Как-то раз ко мне пришла одна клиентка. Временами она вела себя ужасно капризно, и та самая хладнокровная частичка меня, о которой я упоминал, очень остро на нее реагировала. В ответ клиентка сильнее капризничала и требовала к себе еще больше внимания. На каком-то этапе, когда она поняла, что я не собираюсь вестись на ее приемы, у нее включилась ее яростное “я”, которое зацепило за живое еще одну не лучшую часть моей личности: “я” конфликтное и критикующее. Я начал воспринимать ее поведение в штыки. Я прочно укрепился во мнении о том, что она пытается мною манипулировать, и еще одна, третья потаенная часть моей личности начала ее откровенно бояться. При таком негативном настрое неудивительно, что я приходил в ужас, стоило мне завидеть ее имя в расписании. Каждый раз, когда приближалось время сессии с ней, я с замиранием сердца надеялся, что она не придет. Конечно, такое отношение к клиенту невозможно долго скрывать.
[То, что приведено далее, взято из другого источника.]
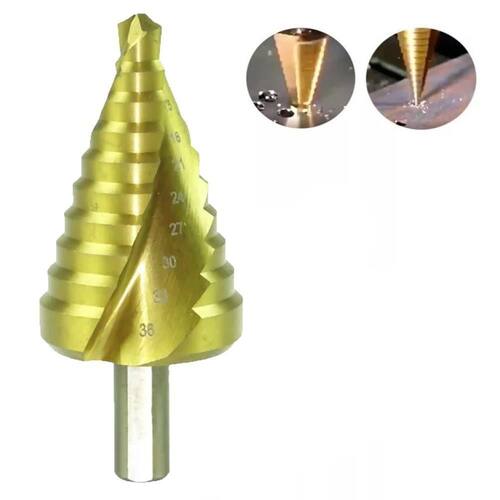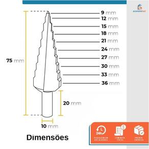 A broca escalonada de 9-36mm da Starfer é uma ferramenta de corte projetada para perfurar metais, madeira e outros materiais duros. Ela possui um formato cônico, com múltiplas etapas de diâmetros crescentes ao longo do corpo da broca.
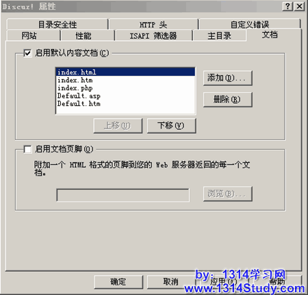 单击“文档”页签,在默认内容文档中添加index.htm、index.html、index.php三个文件,并将所有默认文档排序,顺序按照下图所示。完成后,单击“确定”,关闭站点属性配置窗口,回到IIS管理器主界面。

Я пытался, но сами понимаете, это бесполезно”.

Когда Шварц больше не мог сдерживаться и его негатив по отношению к клиентке начал понемногу проявляться во время сессий, девушка быстро уловила осуждающие нотки в его голосе и почувствовала себя еще более ничтожной. Ричард подчеркнул, что это типичная ситуация для многих жертв насилия, когда их неконструктивные реакции еще больше усиливают в них чувство собственной ничтожности. “Ей нужно было доказать мне, что я не прав. Она начала отпускать по поводу меня язвительные замечания, критически комментировать все, начиная от моей манеры работы и заканчивая моим выбором одежды. Ситуация стремительно обострялась”, — вспоминал Ричард.

С БОЛЬНОЙ ГОЛОВЫ НА ЗДОРОВУЮ

Мы поинтересовались у Ричарда, что, как ему кажется, стало главной причиной терапевтической катастрофы в данном случае. У нас уже было несколько гипотез, но мы хотели выслушать его мнение. Вынуждены признаться, ответ Ричарда Шварца нас немало удивил.
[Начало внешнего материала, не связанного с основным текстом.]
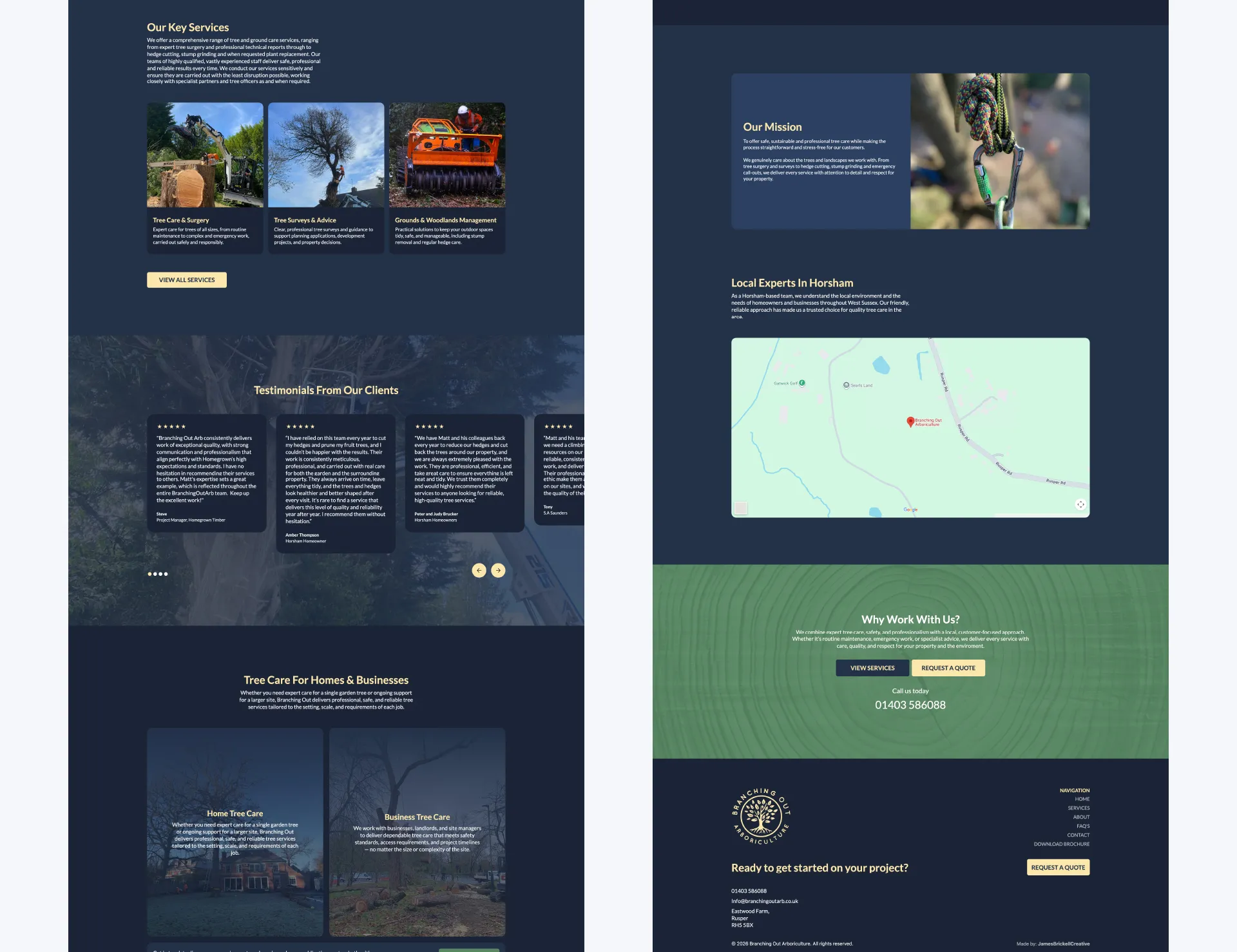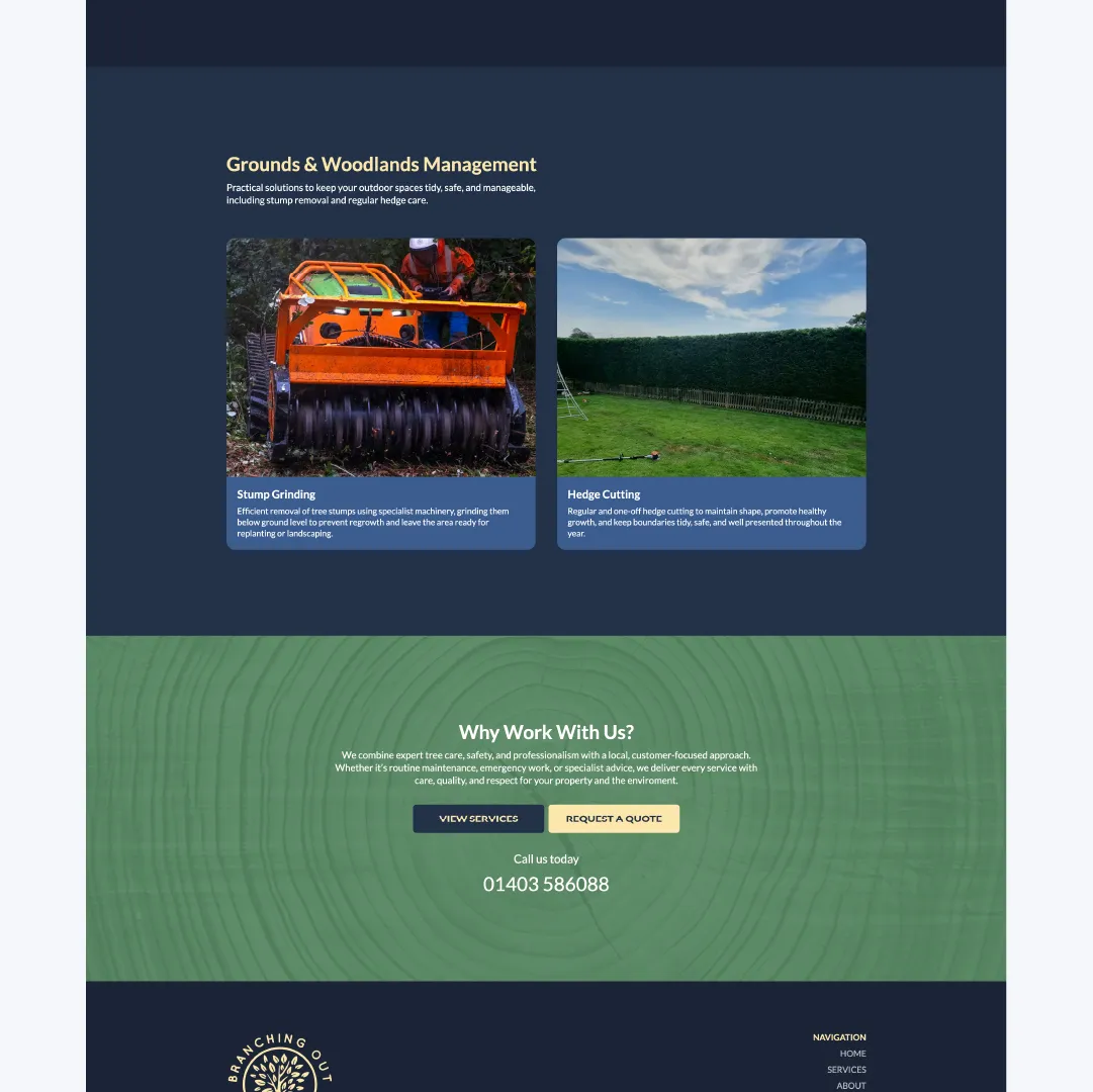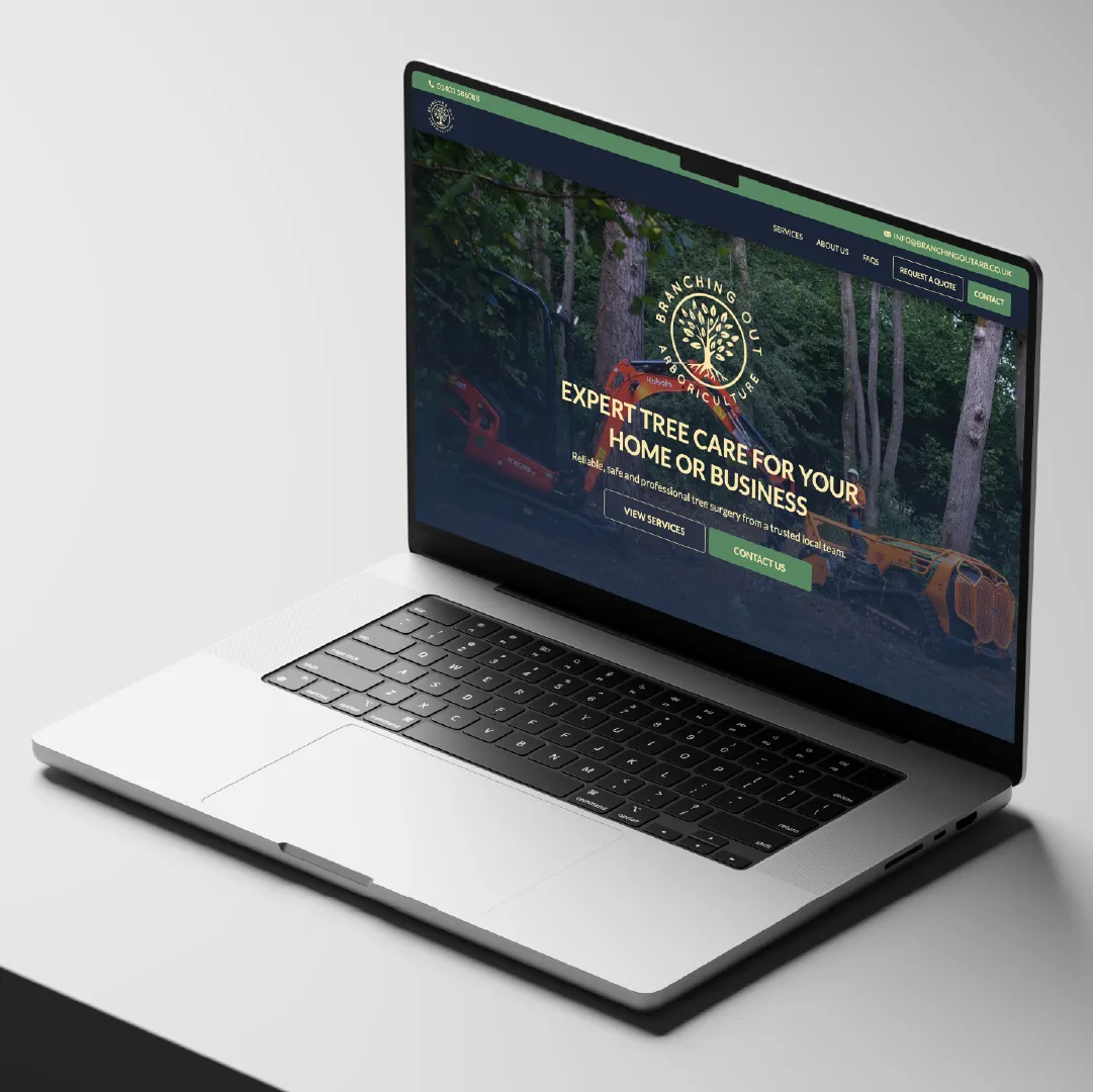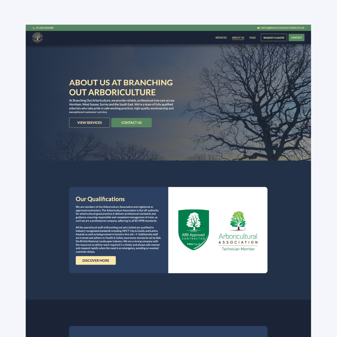 Branching Out Arboriculture is an established tree surgery business based in West Sussex. The brief was to design and build a focused five-page website that clearly communicates the company’s services, safety standards, and professional credentials, while supporting ongoing marketing activity and enquiries.

“К терапевтической катастрофе привело то, что мне было не с кем проконсультироваться. Когда неконструктивная часть твоей личности берет верх и выходит на первый план, как это произошло в моем случае, ты даже не замечаешь того, что поступаешь неправильно. Мы, психотерапевты, прекрасно умеем оправдывать собственные эмоции, слова и действия, обвиняя клиента во всех грехах. Мы утверждаем, что клиент сумасшедший, жалуемся на то, до чего же он нас достал. Потом на каком-то этапе мы понимаем, что такой клиент превратился в слишком большую обузу для нас и отчаянно ищем способы переложить свою проблему с больной головы на здоровую: упечь его в больницу или перенаправить к другому специалисту”.